[INSTRUCTIONS TO FOLLOW] Give back the exact lines of the material below from the one containing "Salière/Poivrière vache, 7.8cm" through the one containing "Frescos del calendario", and no pictures.

[MATERIAL SUPPLIED]
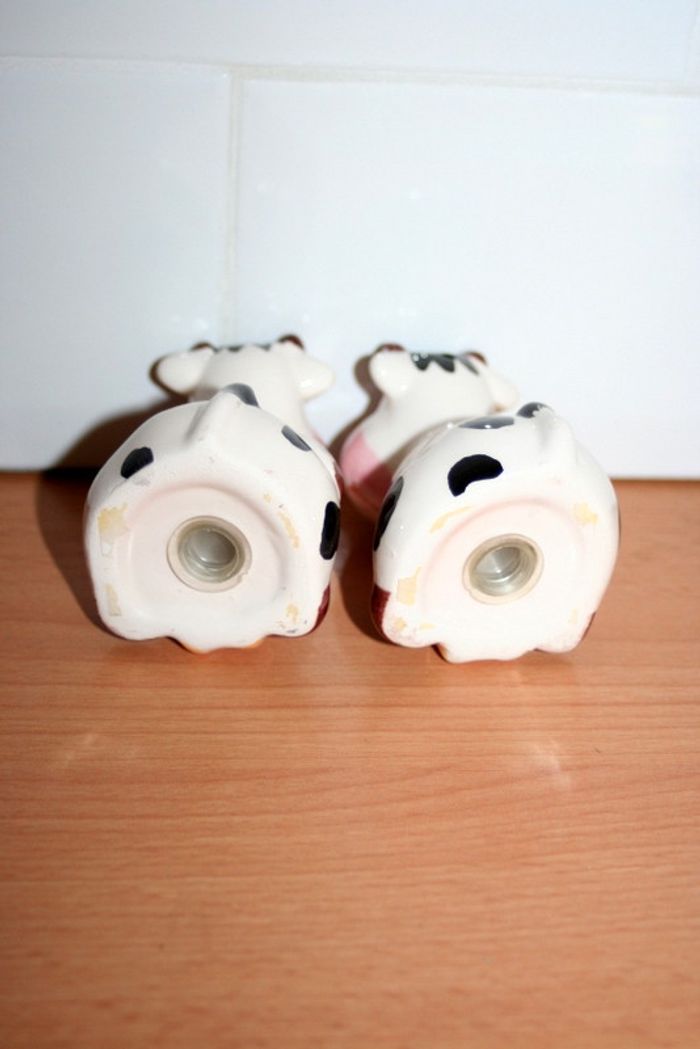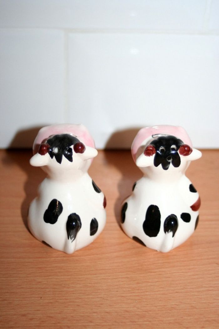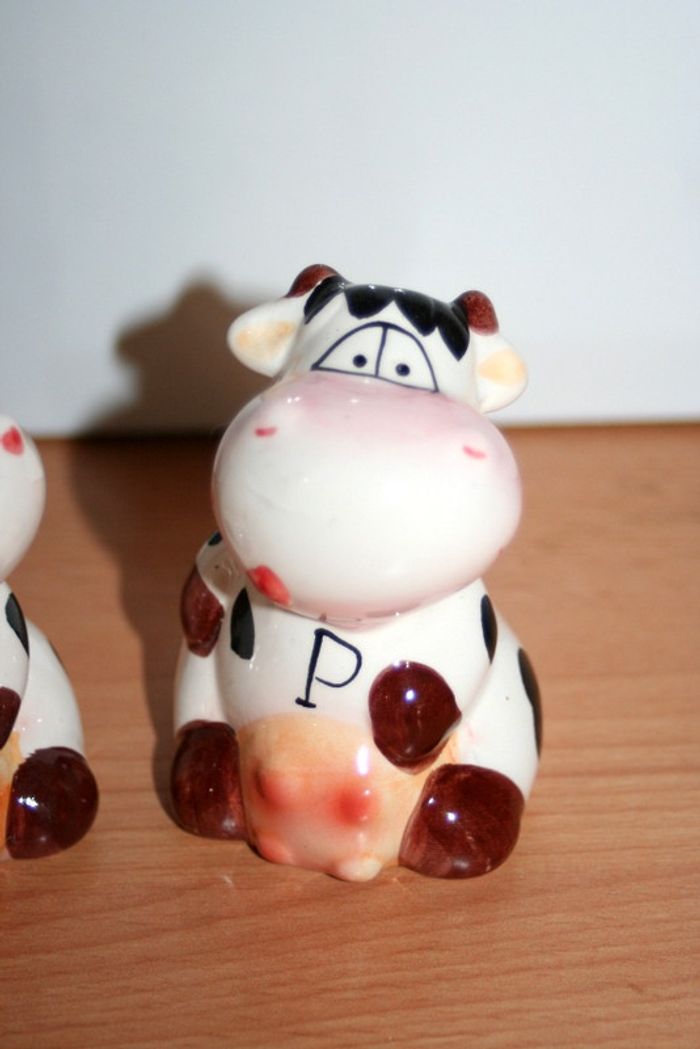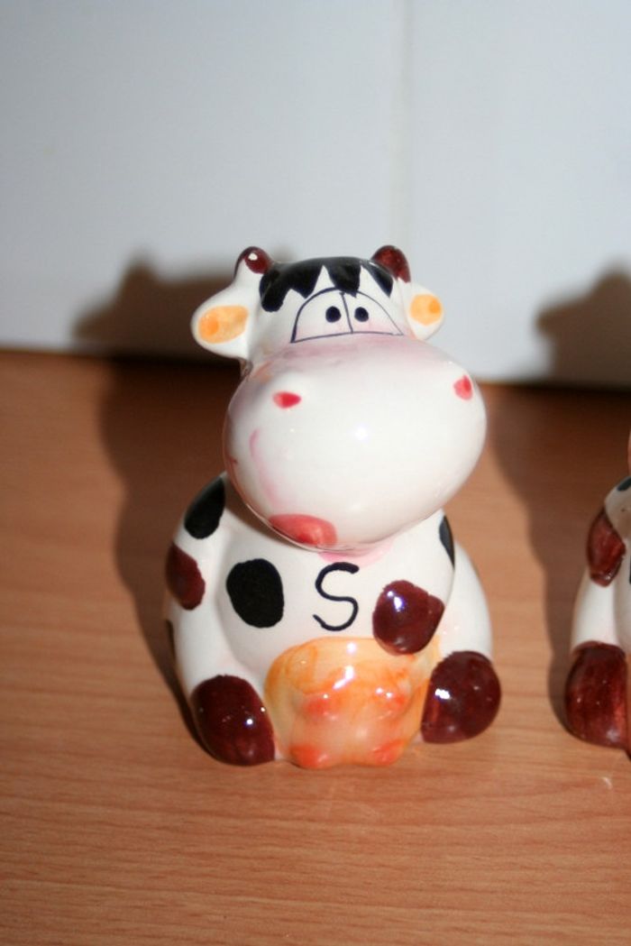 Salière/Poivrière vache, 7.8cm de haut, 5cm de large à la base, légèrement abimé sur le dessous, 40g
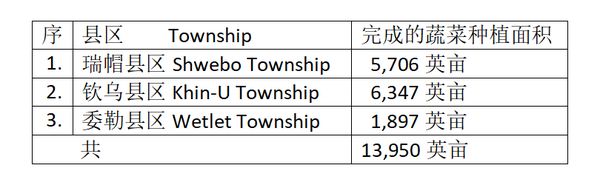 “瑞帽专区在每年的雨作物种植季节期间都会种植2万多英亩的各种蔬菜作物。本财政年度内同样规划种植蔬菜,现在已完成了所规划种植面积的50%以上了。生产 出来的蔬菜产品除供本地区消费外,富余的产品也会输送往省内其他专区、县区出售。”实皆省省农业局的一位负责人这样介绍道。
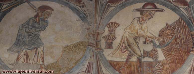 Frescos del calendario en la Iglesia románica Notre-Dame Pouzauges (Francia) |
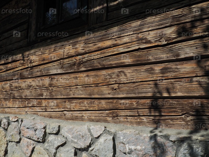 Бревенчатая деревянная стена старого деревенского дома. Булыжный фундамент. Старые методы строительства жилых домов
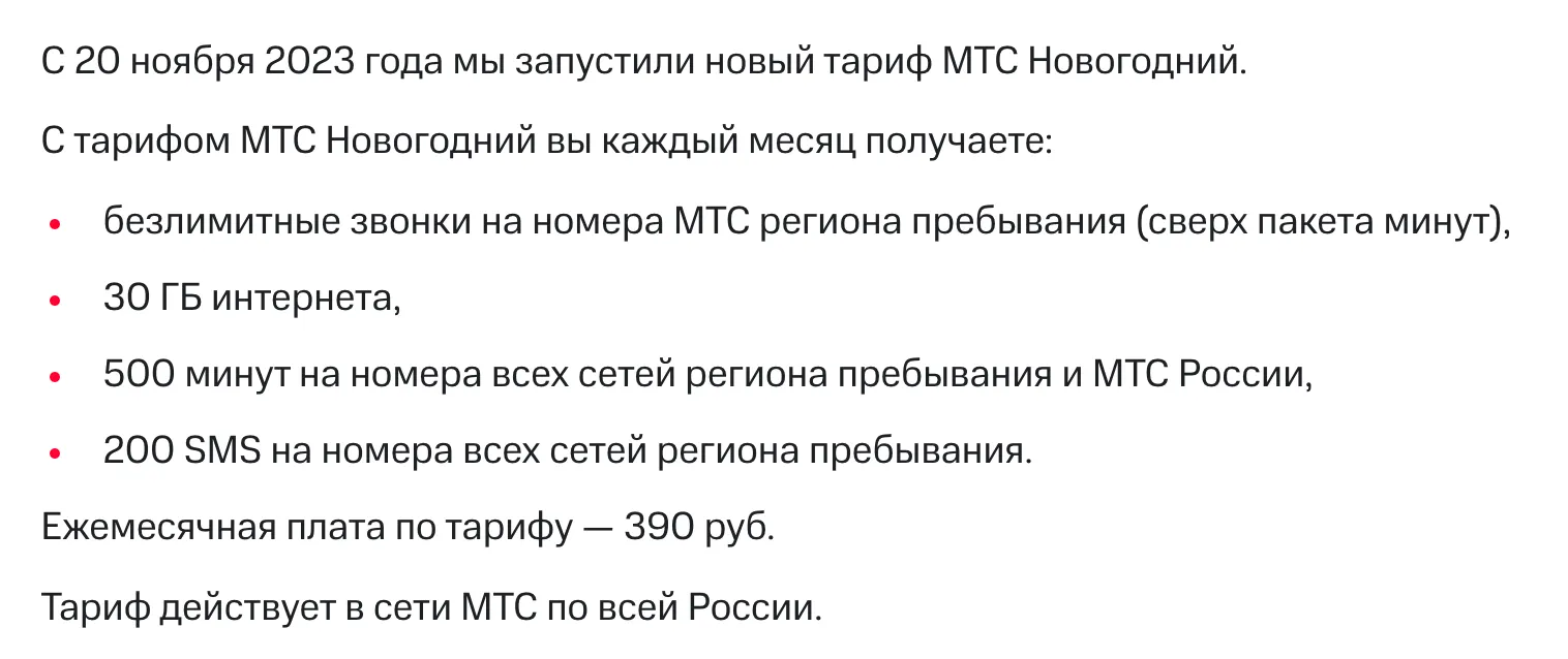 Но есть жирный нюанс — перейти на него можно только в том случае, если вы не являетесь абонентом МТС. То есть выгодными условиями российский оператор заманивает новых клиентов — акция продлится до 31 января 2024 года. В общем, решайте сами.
==
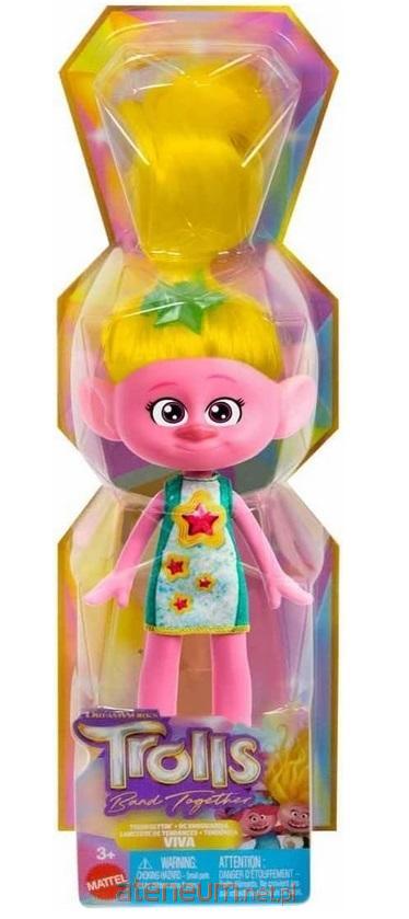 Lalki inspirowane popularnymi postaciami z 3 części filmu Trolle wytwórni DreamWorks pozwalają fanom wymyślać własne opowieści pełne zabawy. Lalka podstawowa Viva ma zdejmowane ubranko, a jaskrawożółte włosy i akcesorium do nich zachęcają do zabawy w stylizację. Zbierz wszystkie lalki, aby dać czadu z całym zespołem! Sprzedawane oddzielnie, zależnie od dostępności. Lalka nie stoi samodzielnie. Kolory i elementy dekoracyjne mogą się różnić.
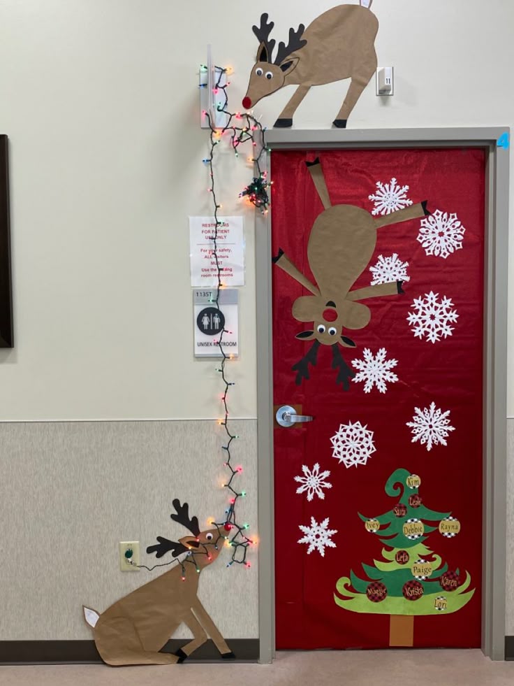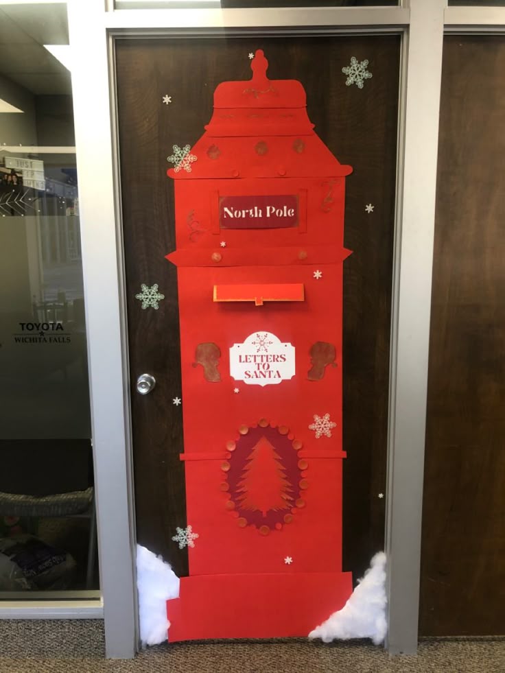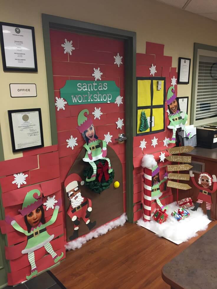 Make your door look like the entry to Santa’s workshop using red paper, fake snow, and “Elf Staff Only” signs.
==
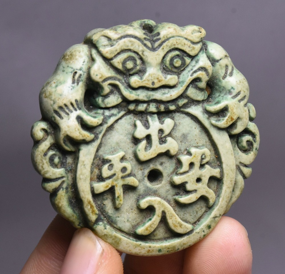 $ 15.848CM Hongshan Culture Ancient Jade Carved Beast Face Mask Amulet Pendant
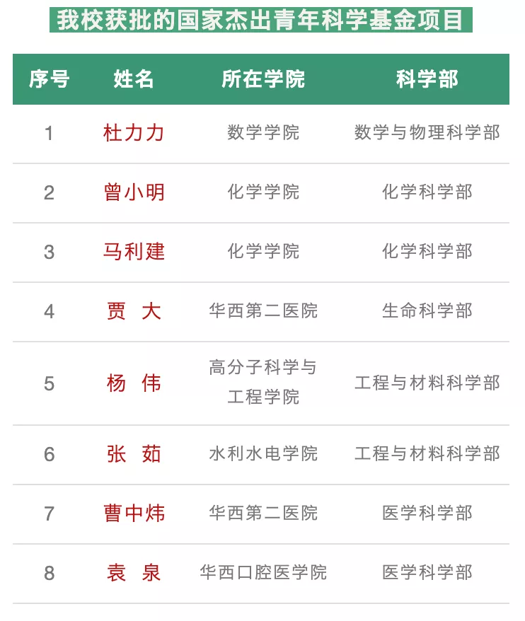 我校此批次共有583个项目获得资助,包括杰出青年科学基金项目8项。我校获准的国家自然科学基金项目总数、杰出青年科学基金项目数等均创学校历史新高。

[RESULT OF THIS TASK]
 Salière/Poivrière vache, 7.8cm de haut, 5cm de large à la base, légèrement abimé sur le dessous, 40g
 “瑞帽专区在每年的雨作物种植季节期间都会种植2万多英亩的各种蔬菜作物。本财政年度内同样规划种植蔬菜,现在已完成了所规划种植面积的50%以上了。生产 出来的蔬菜产品除供本地区消费外,富余的产品也会输送往省内其他专区、县区出售。”实皆省省农业局的一位负责人这样介绍道。
 Frescos del calendario en la Iglesia románica Notre-Dame Pouzauges (Francia) |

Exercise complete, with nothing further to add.